Akagera has been home to rhinos since black rhinos were reintroduced to the park in 2017, but, perhaps because of the limited number, the criminal syndicates that organize poaching in southern Africa have yet to target the area. According to Gruner, most illegal activity in the park is small-scale “consumptive poaching” — a member of a neighboring community harvesting firewood or hunting antelope.

The Rwandan government is not naive to the risks of an increasing rhino population. In anticipation of a poaching threat, they have implemented robust security measures. Each of the newly translocated rhinos has been fitted with a location transmitter, a canine anti-poaching unit has been added to park law enforcement and regular helicopter surveillance missions will keep watch as the herd disperses. 

“Unfortunately, rhinos are internationally persecuted. We’ve had to step up our security,” Gruner says.

Though the security and monitoring of the herd will undoubtedly be costly, the Rwandan government has faith that rhinos are a valuable resource. Unlike black rhinos, which prefer wooded habitat, white rhinos prefer to spend the day grazing open grasslands.

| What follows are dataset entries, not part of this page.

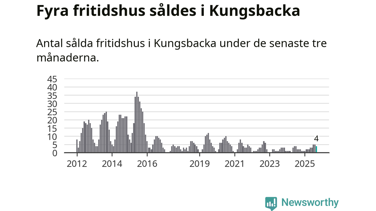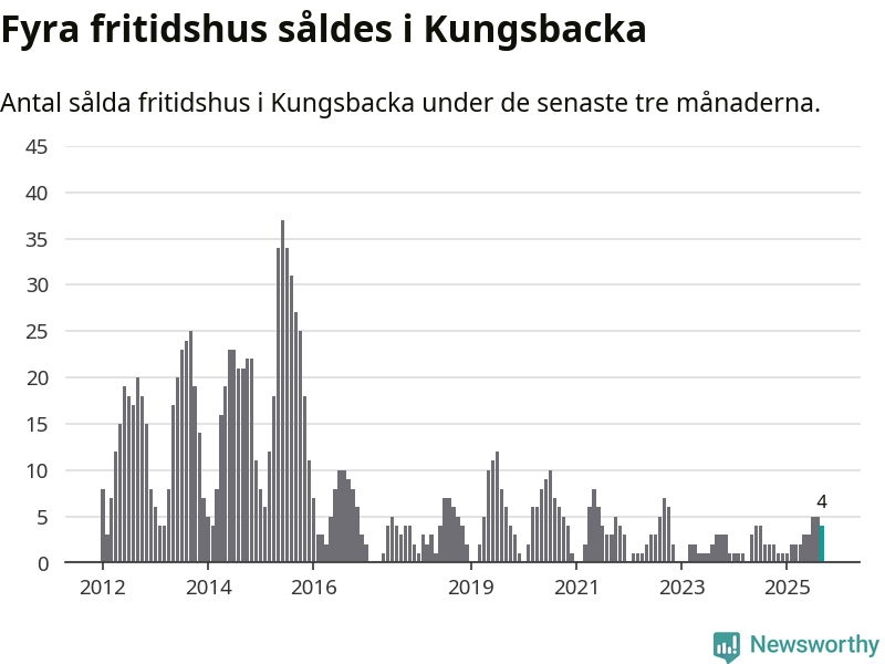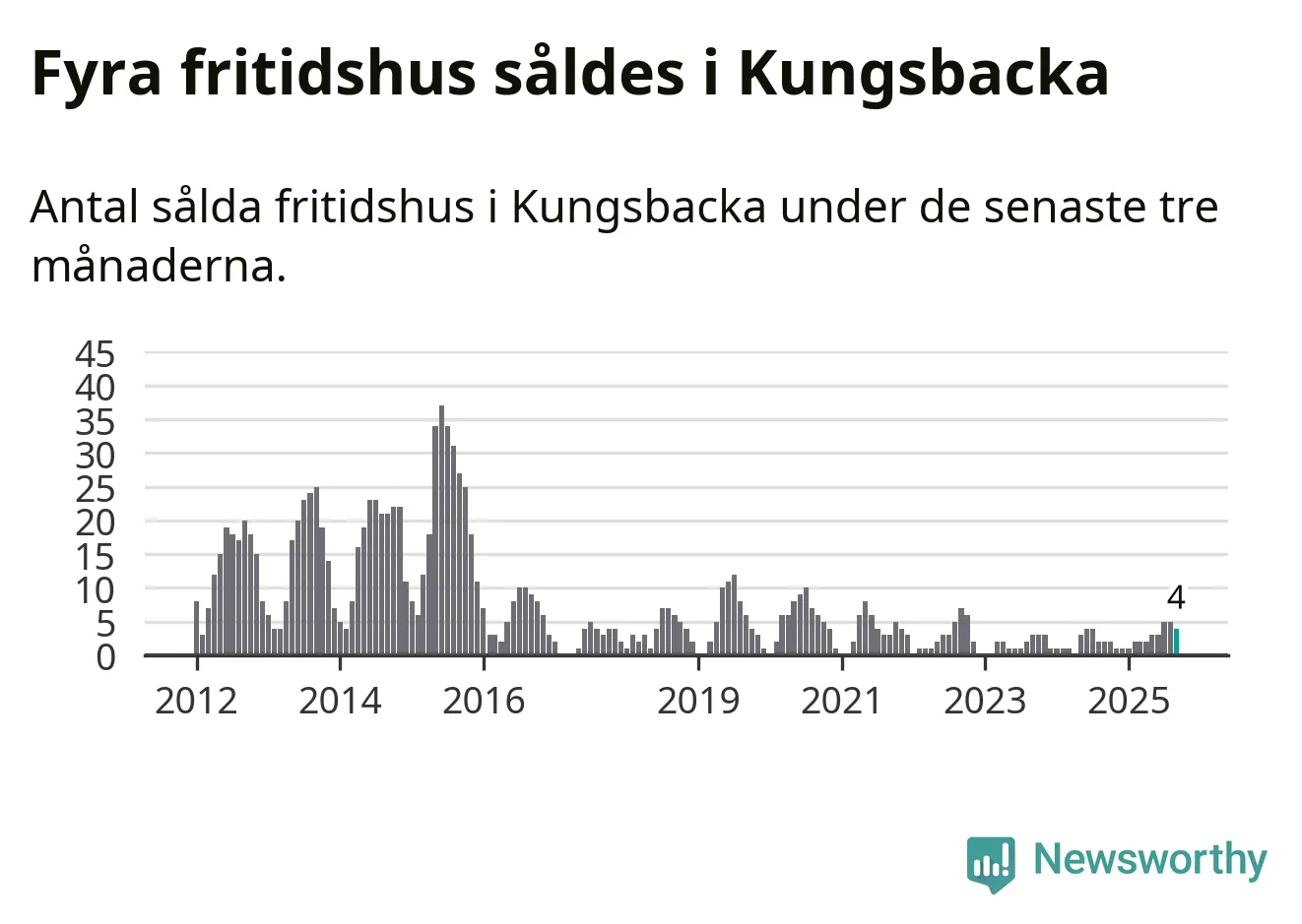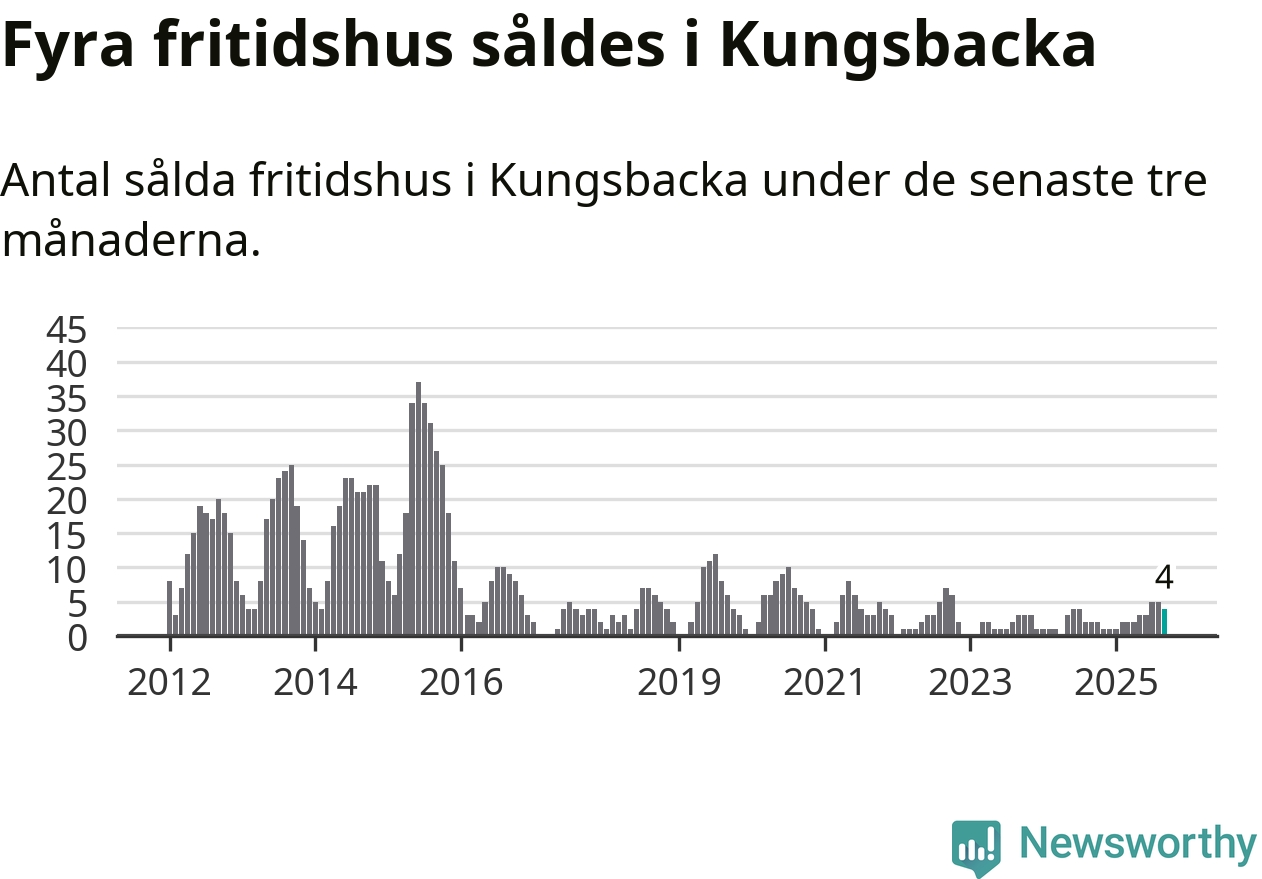 Mellan juli och september gjordes sammanlagt fyra affärer med fritidshus i Kungsbacka kommun. Det kan jämföras med två vid motsvarande tid i fjol.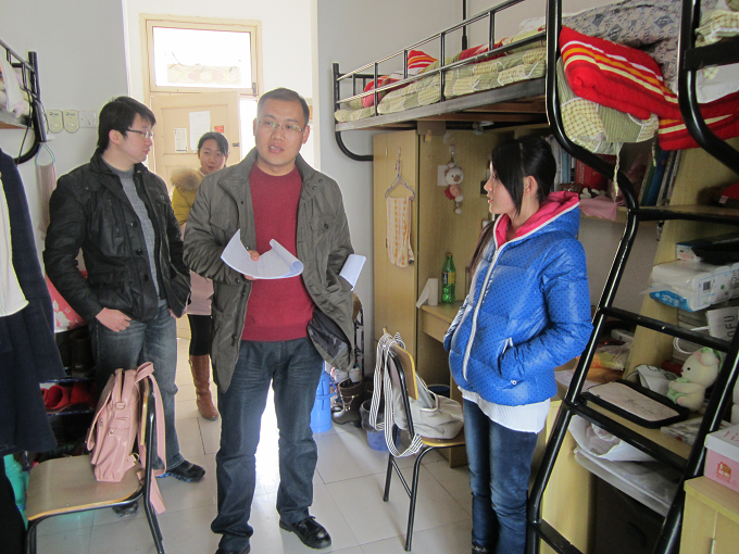 随后,学院学工组在党委副书记罗振的带领下深入学生宿舍,认真查看了同学们的起居用具,宿舍卫生状况,并关心同学们寒假过得怎么样,学期初是否制定了学习计划,生活上有没有困难,叮嘱大家将自己的精力迅速投入到学习生活中来;罗书记还表示,全体学工队伍务必高度重视学生的安全稳定工作,勤下基层,多进宿舍,听真话、办实事、转作风、求实效。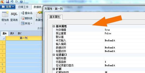 3、在弹出的列的属性窗口上,可以看到列的参数名称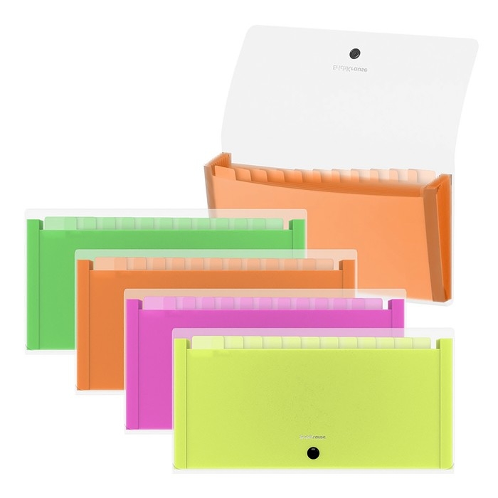 Папка-картотека А4 на кнопке 13 отделений, ErichKrause, Matt Neon, пластик прозрачный, микс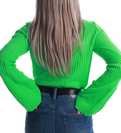 - Przepiękna limonkowa damska bluzka z szerokimi rękawami dzwonami.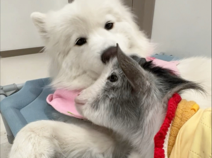 The Samoyed puppy starts eating. The dog's mother has been gone for a long time and she is lost. As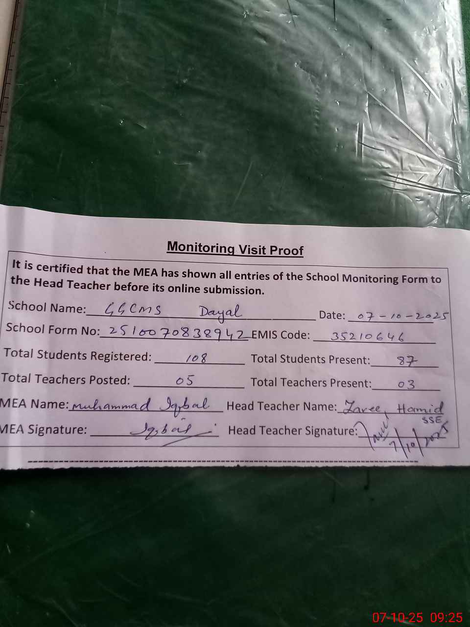 | Monitoring Date: 07-10-2025 | Start Time: 07-10-2025 08:38 AM | End Time: 07-10-2025 09:32 AM | Name of MEA: Mu**** Iq**** | |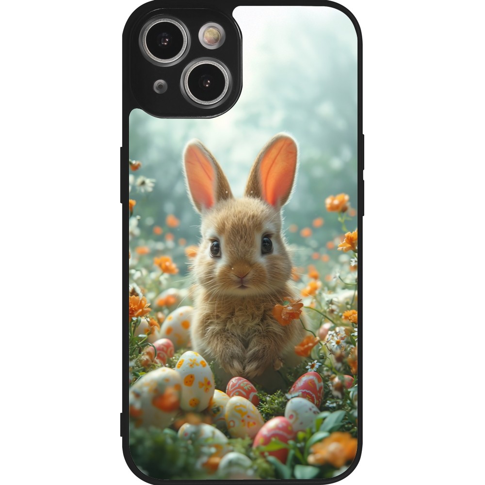Coque iPhone 14 - Silicone rigide noir Easter 2026 Rabbit in the garden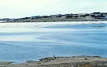 A Distant Early Warning Line site was established in 1955 and about 200 Inuit were hired to help in the construction.[26] The military presence and the services and economy this represented acted as a magnet for Inuit who had previously used the area as a temporary site for meeting, hunting, fishing and trade, and a permanent community was soon established across the bay in its current location.[26] Unlike the majority of the DEW Line radar sites which were abandoned or automated, this site which changed in 1989, known as CAM-MAIN, remains a manned operation, with about 18 people, as part of the North Warning System.[32][33]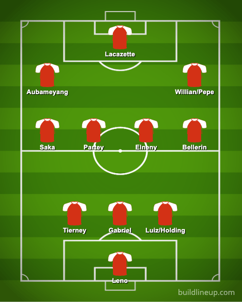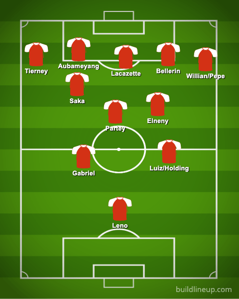 In the image above, I have Partey, the more gifted attacker in an Elneny-Partey pivot (although Elneny can pick and choose his moments), sitting in behind and joining the attack. Bellerin, Elneny, and Tierney form the defensive shield while the attacking front gets a little narrower to form their passing triangles. From here, Bellerin and Tierney could continue to look for opportunities to join wide from the midfield three.

“These white rhinos are a huge tourism asset because they hang around in open plains where they are much more visible,” Gruner says. 

Protection and Prosperity

For the past decade, the government has embarked on an ambitious mission to reform its once-derelict national park system and become a leader in the field of wildlife conservation. In 2010, the country handed over the management of Akagera to African Parks, a nonprofit that specializes in managing protected areas throughout the continent. Since that time, wildlife in the park has rebounded and both lions and black rhinos have been reintroduced. 

Of course, the goal of the transition was twofold, in addition to restoring an ecosystem that had been degraded by agricultural encroachment, the government hoped to foster a prosperous tourism industry.

“When African Parks took over the park was barely making $200,000 a year,” Rwanda Development Board acting chief tourism officer Ariella Kageruka says. “By the time COVID came in 2019, the park was making $2 million a year.”

Much of the revenue from the rise in tourism has been reinvested into the park, but, just as importantly, it has been used to support the communities that border it. Ten percent of the tourism-generated income is submitted to a fund that is distributed to surrounding communities.

“It’s a huge circle. The rhinos are coming to Akagera supporting conservation, but also supporting tourism, which in turn supports communities, which goes back to supporting conservation,” Gruner says.

Hopefully, this equitable approach will also dissuade local community members from participating in poaching schemes. The future of white rhinos depends on it.